WO00 / 40011 (International publication date July 6, 2000) R. Lienhart, S. Pfeiffer, W. Effelsberg, “Video Abstracting”, Communications of the ACM, Vol. 40, No. 12, pp. 55-62, Dec. 1997. Tsuyoshi Moriyama and Masao Sakauchi, “Generating Summary Video Based on the Psychological Content of Drama Video,” IEICE Transactions, Vol. J84-D-II, No. 6, pp. 1122-1131, Jun. 2001 . Yu-Fei Ma, Lie Lu, Hong-Jiang Zhang, Mingjing Li, “A User Attention Model for Video Summarization”, Proc. Of ACM Multimedia, pp. 533-542, Dec. 2002. Yihong Gong, Xin Liu, “Summarizing Video by Minimizing Visual Content Redundancies”, IEEE International Conference on Multimedia and Exposition, pp. 788-791, 2001. Kazuya Kato, Ikuo Yoshitaka, Masato Hirakawa, “Creating a Movie Summarizing the Context”, Information Processing Society of Japan, Vol. 2002, No. 25, pp. 25-30, Mar. 2002. By Daniel Arifon, Noriko Iwamoto, Taketo Deguchi, “Grammar of Cinema”, Kinokuniya, 1980. Akito Akutsu and Yoshinobu Tonomura, “Analysis Method of Video Using Projection and Application to Video Handling”, IEICE Transactions, Vol. J79-D-II, No. 5, pp. 675-686 , May 1996. Tomohiro Kawasaki, Ikuo Yoshitaka, Masato Hirakawa, Tadao Ichikawa, “Proposal of Music, Sound Effects Extraction and Impression Evaluation Techniques in Films”, IEICE Technical Report, MVE97-96, pp. 23-29, 1998.

上記非特許文献１〜３に開示された技術では、特定の特徴が検出された区間を単純につなぎ合わせているに過ぎない。したがって、このような技術によって作成された要約映像は、断片的な映像になってしまい、映像においてどのような出来事が起こっているのかを十分に知ることが困難である上に、その出来事の前後関係が分かり難い要約映像となる。 In the techniques disclosed in Non-Patent Documents 1 to 3, the sections in which specific features are detected are simply connected. Therefore, the summary video created by such a technique becomes a fragmentary video, and it is difficult to fully understand what happened in the video, and before and after the event. The summary video is difficult to understand.

また、上記非特許文献４に開示された技術では、視覚的に冗長なショットを除いたに過ぎず、映像の内容を伝える上で重要なショットの選択はされていない。また、各クラスタから一番長いショットを要約映像として採用しているが、映像の内容を伝える上で一番長いショットが重要であるとは必ずしもいえない。 Further, in the technique disclosed in Non-Patent Document 4, only visually redundant shots are removed, and shots that are important for conveying the contents of video are not selected. Further, although the longest shot from each cluster is adopted as the summary video, it cannot be said that the longest shot is important in conveying the content of the video.

また、上記非特許文献４に開示された技術では、文脈を考慮しているが、従属関係にあるショットすべてを要約映像に採用しているため、要約映像に偏りがあり映像全体の話の内容を知ることは困難である。 In the technique disclosed in Non-Patent Document 4 above, the context is taken into consideration, but since all the shots in the dependency relationship are adopted in the summary video, there is a bias in the summary video, and the content of the story of the entire video It is difficult to know.

また、特許文献１に開示された技術では、評価値を作成する際に用いる情報の付与に関しては、評価者による主観的な評価を行うことが開示されている以外には、具体的な技術内容が開示されていない。 In addition, in the technique disclosed in Patent Document 1, specific technical contents are disclosed in addition to the fact that subjective evaluation by an evaluator is disclosed regarding the provision of information used when creating an evaluation value. Is not disclosed.

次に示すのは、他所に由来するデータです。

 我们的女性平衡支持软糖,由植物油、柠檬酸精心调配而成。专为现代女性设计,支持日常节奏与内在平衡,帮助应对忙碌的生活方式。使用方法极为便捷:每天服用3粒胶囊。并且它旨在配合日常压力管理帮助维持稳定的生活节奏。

以上のように、従来の技術では、映像の内容を的確に把握することができるような要約映像を作成することが困難である。 As described above, with the conventional technology, it is difficult to create a summary video that can accurately grasp the content of the video.

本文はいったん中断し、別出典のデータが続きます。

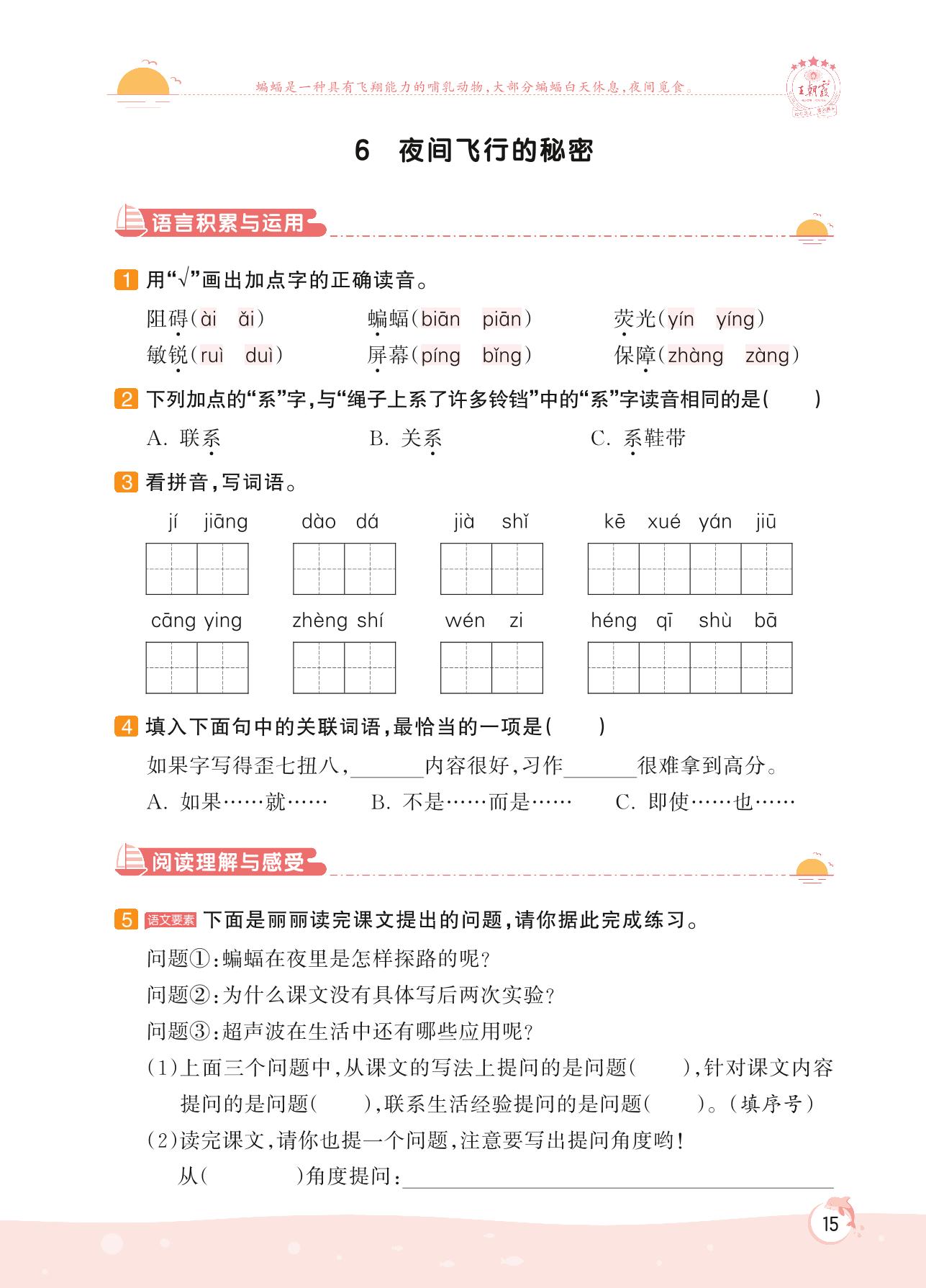 2022上册四年级语文人教版 第二单元 阅读策略 提问——6 夜间飞行的秘密

本発明は、上記の問題点に鑑みてなされたものであり、その目的は、映像全体の内容を視聴者が的確に把握しやすい要約映像を作成する映像編集装置および映像編集方法を実現することにある。 The present invention has been made in view of the above problems, and an object thereof is to realize a video editing apparatus and a video editing method for creating a summary video that allows a viewer to accurately grasp the contents of the entire video. It is in.

本発明に係る映像編集装置は、映像を構成する各ショットの長さと、映像における動きの激しさとに基づいて特定可能な強調区間を含んだ映像から、要約映像を作成する映像編集装置であって、上記課題を解決するために、映像データに基づき、映像の各部についてショットの継続時間の長さに応じた特徴を認識するショット認識手段と、映像データに基づき、映像の各部について映像の動きの激しさに応じた特徴を認識する映像認識手段と、前記ショット認識手段および映像認識手段による認識結果に基づき、映像データのうち強調区間に該当する区間を特定する強調区間特定手段と、前記ショット認識手段および映像認識手段による認識結果に基づき、各強調区間の間の従属度合を検出する従属度検出手段と、前記ショット認識手段および映像認識手段による認識結果と、前記従属度検出手段による検出結果とに基づき、強調区間から要約映像に採用すべき部分を決定する要約作成手段とを備えることを特徴としている。 The video editing apparatus according to the present invention is a video editing apparatus that creates a summary video from a video including an emphasis section that can be specified based on the length of each shot constituting the video and the intensity of motion in the video. In order to solve the above problems, the shot recognition means for recognizing the feature corresponding to the length of the shot duration for each part of the video based on the video data, and the motion of the video for each part of the video based on the video data. Video recognition means for recognizing features according to the intensity of the image, enhancement section specifying means for specifying a section corresponding to the enhancement section in the video data based on the recognition results by the shot recognition means and the video recognition means, and the shot Based on the recognition results of the recognition means and the image recognition means, a dependency level detection means for detecting a dependency level between the emphasis sections, the shot recognition means, A recognition result by the image recognition unit, based on the detection result by the dependent degree detecting means is characterized by comprising a summary creation unit for determining the portion to be employed in the video summary from emphasis interval.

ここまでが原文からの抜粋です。